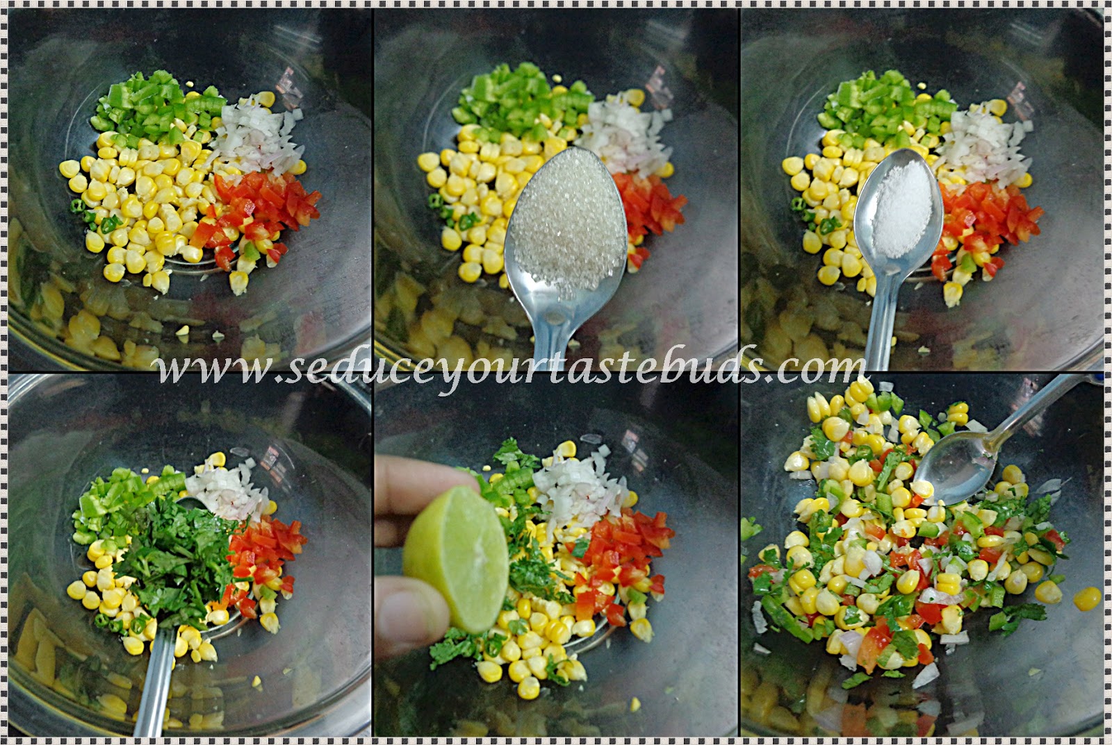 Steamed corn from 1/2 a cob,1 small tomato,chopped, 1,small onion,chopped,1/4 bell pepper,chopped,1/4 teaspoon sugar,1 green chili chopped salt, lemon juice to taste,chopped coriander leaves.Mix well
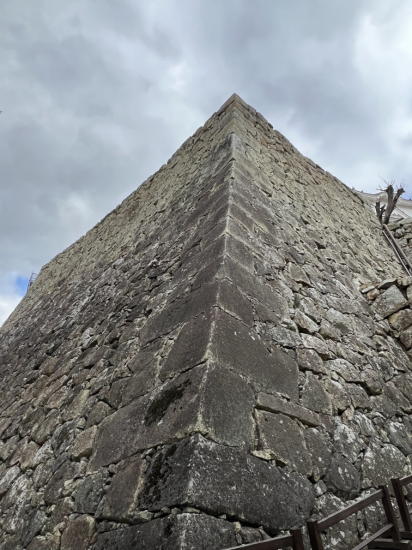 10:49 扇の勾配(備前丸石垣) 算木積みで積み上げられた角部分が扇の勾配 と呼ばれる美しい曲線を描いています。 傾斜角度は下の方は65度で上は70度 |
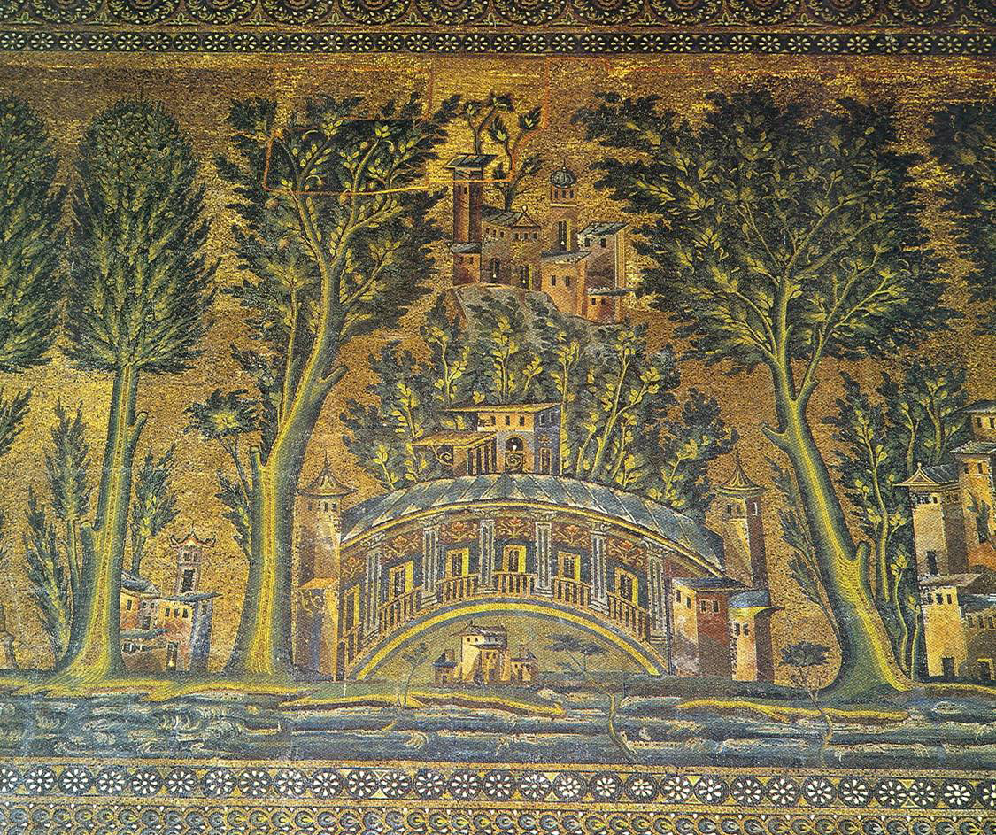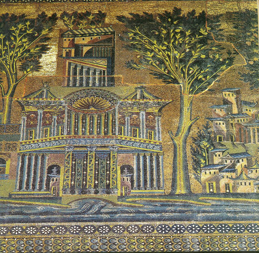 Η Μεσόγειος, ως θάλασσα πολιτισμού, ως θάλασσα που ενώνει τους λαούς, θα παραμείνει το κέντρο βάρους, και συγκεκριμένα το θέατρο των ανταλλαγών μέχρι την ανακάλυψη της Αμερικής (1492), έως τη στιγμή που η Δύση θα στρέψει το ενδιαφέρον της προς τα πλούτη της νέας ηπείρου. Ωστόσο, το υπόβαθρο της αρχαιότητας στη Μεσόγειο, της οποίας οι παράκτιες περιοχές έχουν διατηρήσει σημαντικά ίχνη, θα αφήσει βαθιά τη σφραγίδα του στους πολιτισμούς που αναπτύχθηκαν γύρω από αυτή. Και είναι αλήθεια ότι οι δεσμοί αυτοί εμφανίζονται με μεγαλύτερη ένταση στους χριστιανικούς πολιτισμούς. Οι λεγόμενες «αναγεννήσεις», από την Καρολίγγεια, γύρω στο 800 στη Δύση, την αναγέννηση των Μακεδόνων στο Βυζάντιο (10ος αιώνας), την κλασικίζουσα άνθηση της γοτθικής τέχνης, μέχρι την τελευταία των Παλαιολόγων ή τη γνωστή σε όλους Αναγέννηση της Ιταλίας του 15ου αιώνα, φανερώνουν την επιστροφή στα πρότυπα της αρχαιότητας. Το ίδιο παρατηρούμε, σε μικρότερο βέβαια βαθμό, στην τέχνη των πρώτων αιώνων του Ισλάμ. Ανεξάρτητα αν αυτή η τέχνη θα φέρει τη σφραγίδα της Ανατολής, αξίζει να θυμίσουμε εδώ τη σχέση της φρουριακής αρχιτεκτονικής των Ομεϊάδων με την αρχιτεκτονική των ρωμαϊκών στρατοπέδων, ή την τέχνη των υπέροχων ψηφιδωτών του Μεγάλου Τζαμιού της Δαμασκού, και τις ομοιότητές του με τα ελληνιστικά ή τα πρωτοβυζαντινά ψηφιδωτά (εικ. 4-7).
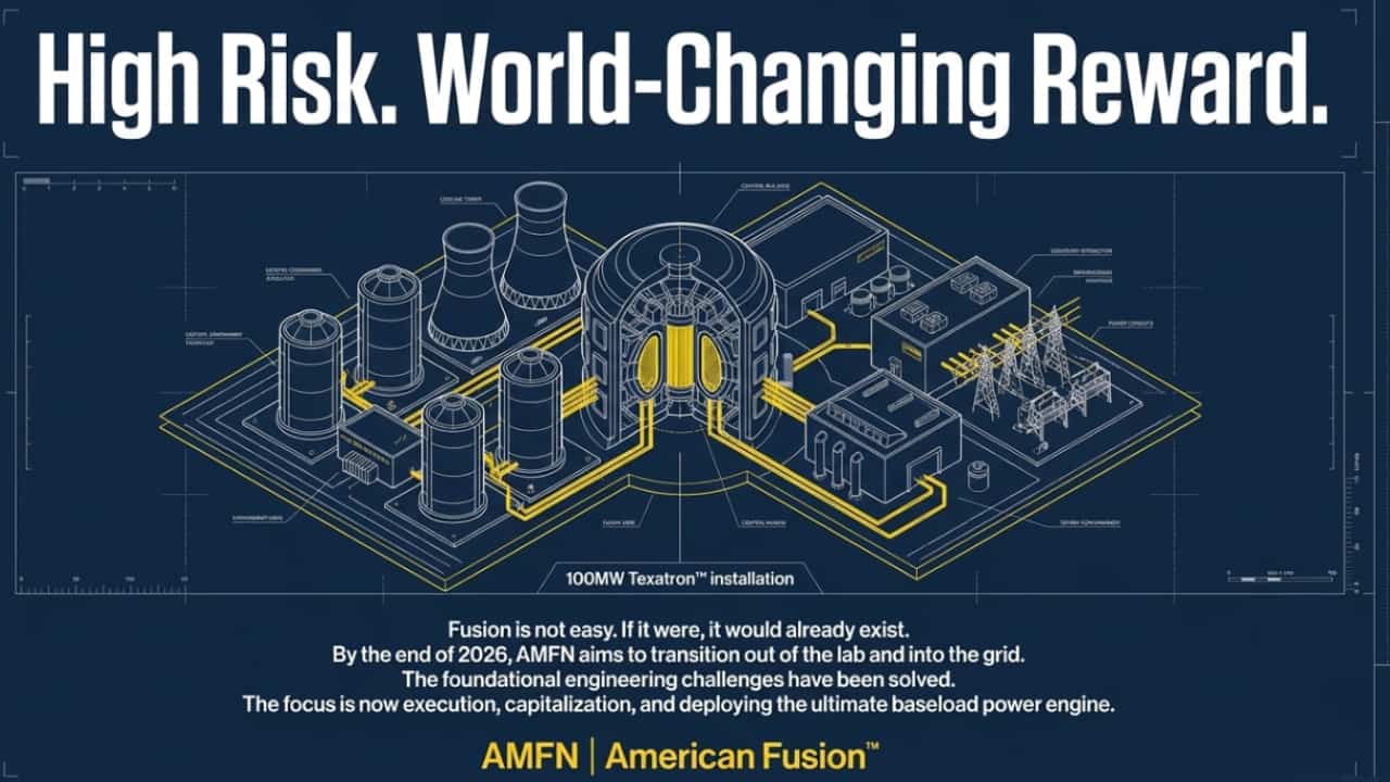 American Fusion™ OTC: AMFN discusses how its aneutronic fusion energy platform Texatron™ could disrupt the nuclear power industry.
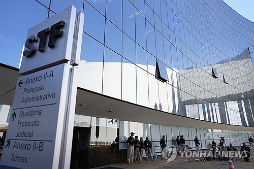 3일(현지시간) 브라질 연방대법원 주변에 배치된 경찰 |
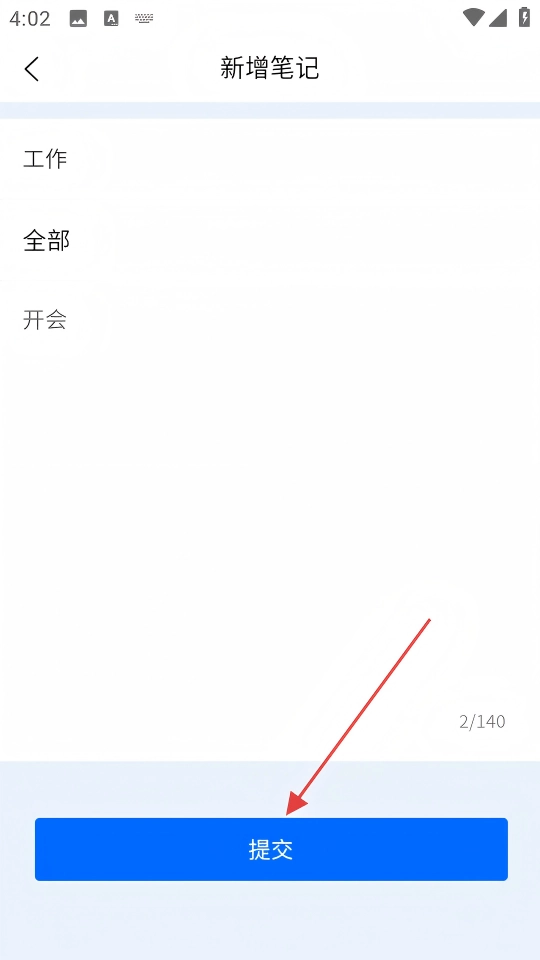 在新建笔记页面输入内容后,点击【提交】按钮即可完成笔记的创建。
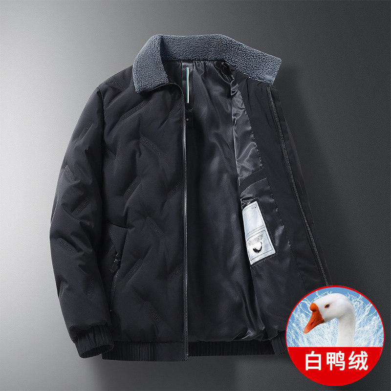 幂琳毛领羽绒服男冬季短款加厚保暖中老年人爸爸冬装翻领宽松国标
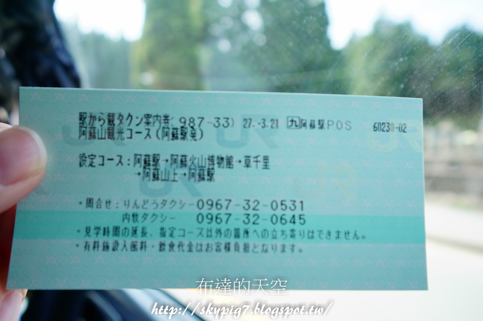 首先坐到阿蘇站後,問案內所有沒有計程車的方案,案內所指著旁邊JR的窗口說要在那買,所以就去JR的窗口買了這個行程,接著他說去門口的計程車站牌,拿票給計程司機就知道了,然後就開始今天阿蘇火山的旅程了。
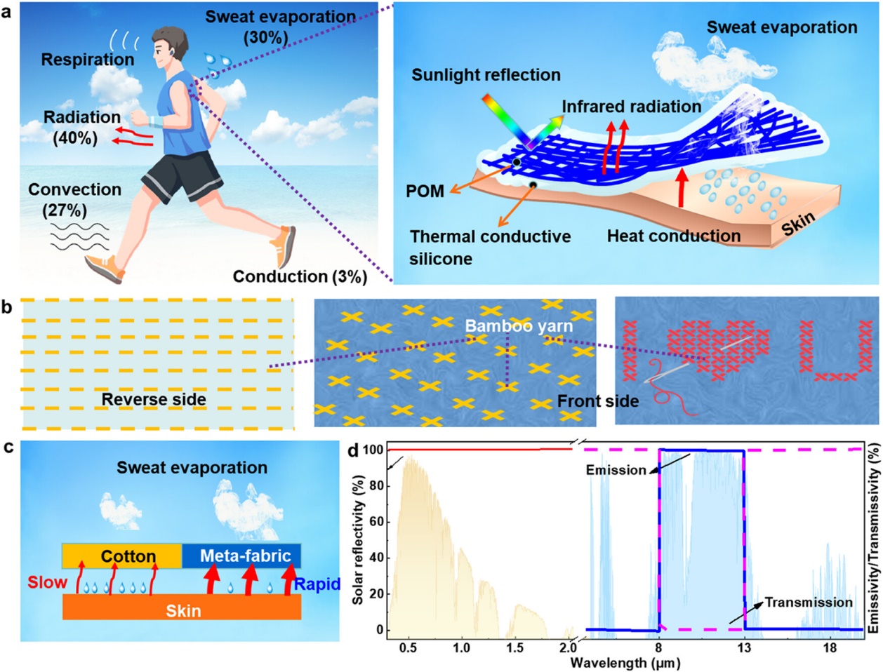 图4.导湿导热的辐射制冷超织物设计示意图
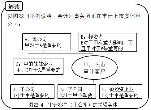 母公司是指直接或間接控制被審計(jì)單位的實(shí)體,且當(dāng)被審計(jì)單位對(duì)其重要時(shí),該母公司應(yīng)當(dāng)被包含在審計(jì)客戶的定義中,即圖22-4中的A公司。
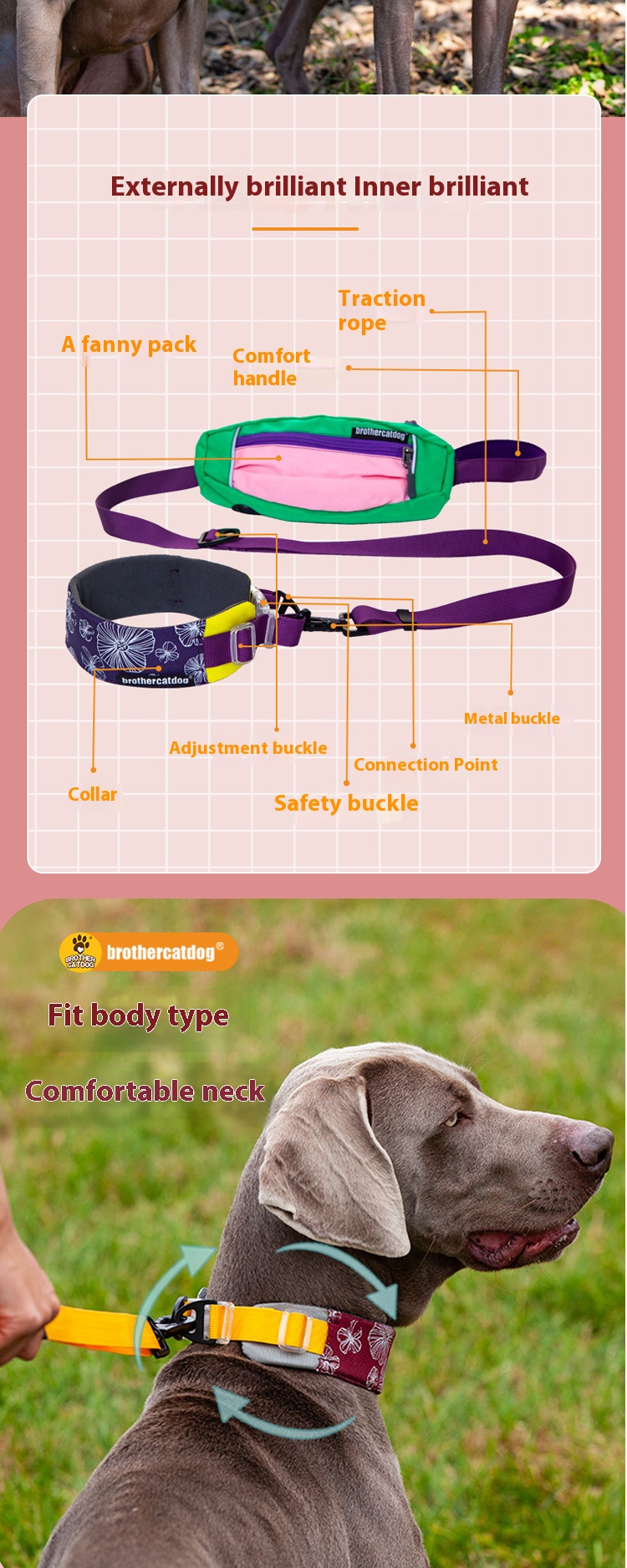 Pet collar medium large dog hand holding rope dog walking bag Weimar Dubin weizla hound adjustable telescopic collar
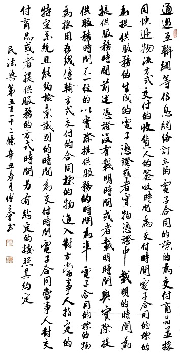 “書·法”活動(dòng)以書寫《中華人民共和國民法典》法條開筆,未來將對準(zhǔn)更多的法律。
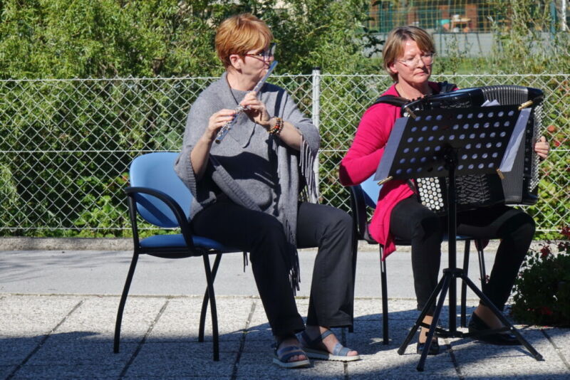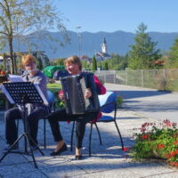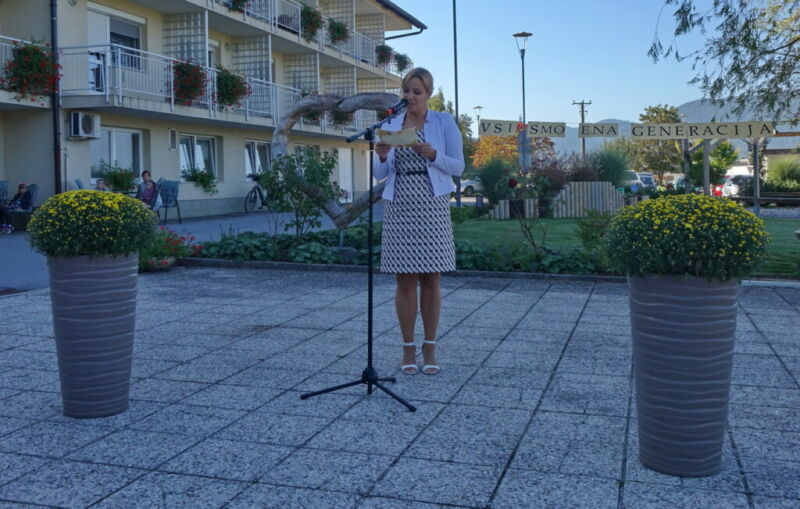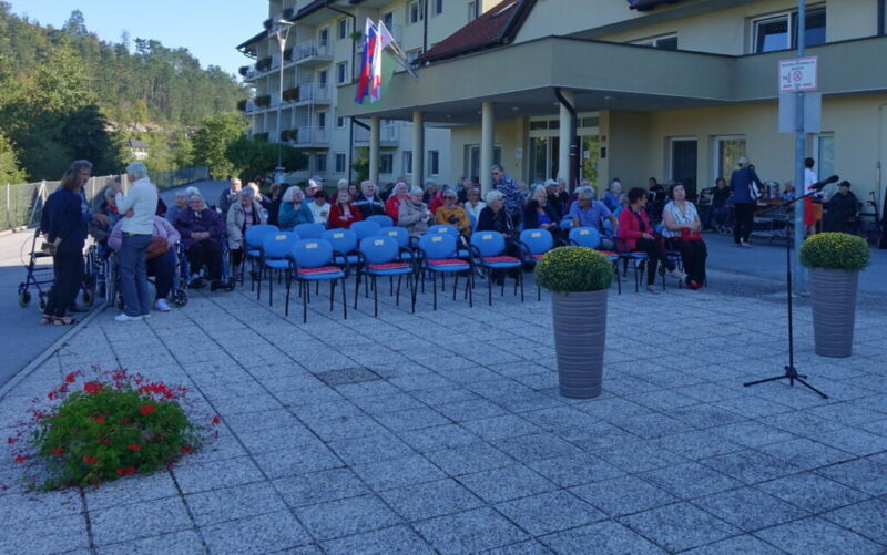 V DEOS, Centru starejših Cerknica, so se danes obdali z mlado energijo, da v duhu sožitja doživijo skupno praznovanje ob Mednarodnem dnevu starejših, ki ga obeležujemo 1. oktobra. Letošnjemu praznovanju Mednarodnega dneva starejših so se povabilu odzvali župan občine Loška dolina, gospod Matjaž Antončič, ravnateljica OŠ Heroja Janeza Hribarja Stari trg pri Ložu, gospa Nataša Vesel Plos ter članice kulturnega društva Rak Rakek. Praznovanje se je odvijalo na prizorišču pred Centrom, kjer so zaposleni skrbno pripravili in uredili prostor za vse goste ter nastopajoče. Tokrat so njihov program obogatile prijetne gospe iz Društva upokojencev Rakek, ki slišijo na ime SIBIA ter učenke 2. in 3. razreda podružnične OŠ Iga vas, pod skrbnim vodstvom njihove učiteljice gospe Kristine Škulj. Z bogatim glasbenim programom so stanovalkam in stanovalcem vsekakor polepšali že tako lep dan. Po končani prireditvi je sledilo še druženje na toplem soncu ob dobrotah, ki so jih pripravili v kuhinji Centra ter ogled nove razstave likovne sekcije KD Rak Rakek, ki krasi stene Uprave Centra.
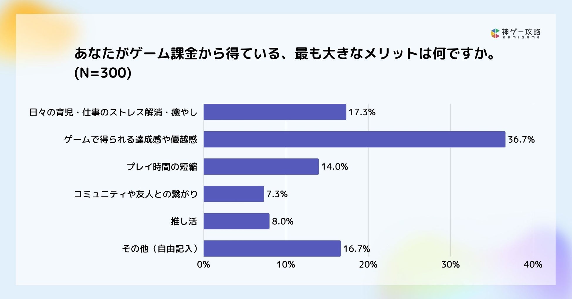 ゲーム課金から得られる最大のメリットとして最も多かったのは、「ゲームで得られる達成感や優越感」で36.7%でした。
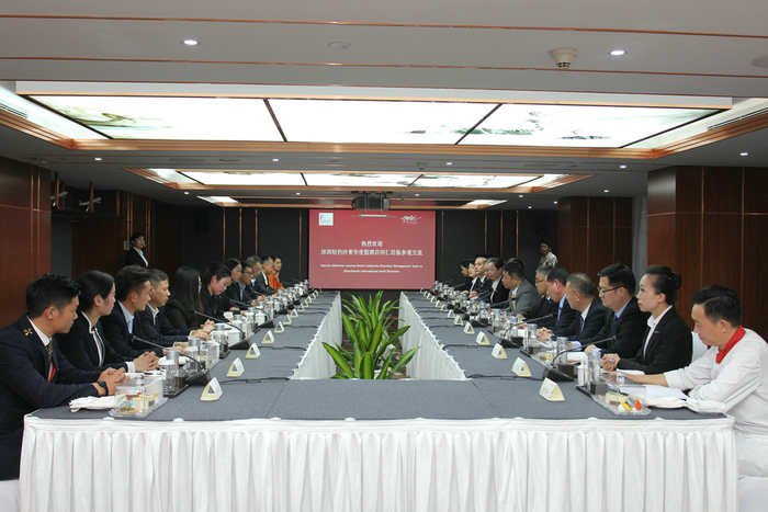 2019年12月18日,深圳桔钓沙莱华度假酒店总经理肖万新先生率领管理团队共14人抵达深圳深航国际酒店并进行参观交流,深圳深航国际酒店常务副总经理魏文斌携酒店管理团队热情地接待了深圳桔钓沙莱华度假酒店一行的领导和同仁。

__Exercise brief__
What is wanted is an exact copy of the lines from the line with "母公司是指直接或間接控制被審" through the end of the records, both ends included, pictures excluded.

__Output for this task__
 母公司是指直接或間接控制被審計(jì)單位的實(shí)體,且當(dāng)被審計(jì)單位對(duì)其重要時(shí),該母公司應(yīng)當(dāng)被包含在審計(jì)客戶的定義中,即圖22-4中的A公司。
 Pet collar medium large dog hand holding rope dog walking bag Weimar Dubin weizla hound adjustable telescopic collar
 “書·法”活動(dòng)以書寫《中華人民共和國民法典》法條開筆,未來將對準(zhǔn)更多的法律。
 V DEOS, Centru starejših Cerknica, so se danes obdali z mlado energijo, da v duhu sožitja doživijo skupno praznovanje ob Mednarodnem dnevu starejših, ki ga obeležujemo 1. oktobra. Letošnjemu praznovanju Mednarodnega dneva starejših so se povabilu odzvali župan občine Loška dolina, gospod Matjaž Antončič, ravnateljica OŠ Heroja Janeza Hribarja Stari trg pri Ložu, gospa Nataša Vesel Plos ter članice kulturnega društva Rak Rakek. Praznovanje se je odvijalo na prizorišču pred Centrom, kjer so zaposleni skrbno pripravili in uredili prostor za vse goste ter nastopajoče. Tokrat so njihov program obogatile prijetne gospe iz Društva upokojencev Rakek, ki slišijo na ime SIBIA ter učenke 2. in 3. razreda podružnične OŠ Iga vas, pod skrbnim vodstvom njihove učiteljice gospe Kristine Škulj. Z bogatim glasbenim programom so stanovalkam in stanovalcem vsekakor polepšali že tako lep dan. Po končani prireditvi je sledilo še druženje na toplem soncu ob dobrotah, ki so jih pripravili v kuhinji Centra ter ogled nove razstave likovne sekcije KD Rak Rakek, ki krasi stene Uprave Centra.
 ゲーム課金から得られる最大のメリットとして最も多かったのは、「ゲームで得られる達成感や優越感」で36.7%でした。
 2019年12月18日,深圳桔钓沙莱华度假酒店总经理肖万新先生率领管理团队共14人抵达深圳深航国际酒店并进行参观交流,深圳深航国际酒店常务副总经理魏文斌携酒店管理团队热情地接待了深圳桔钓沙莱华度假酒店一行的领导和同仁。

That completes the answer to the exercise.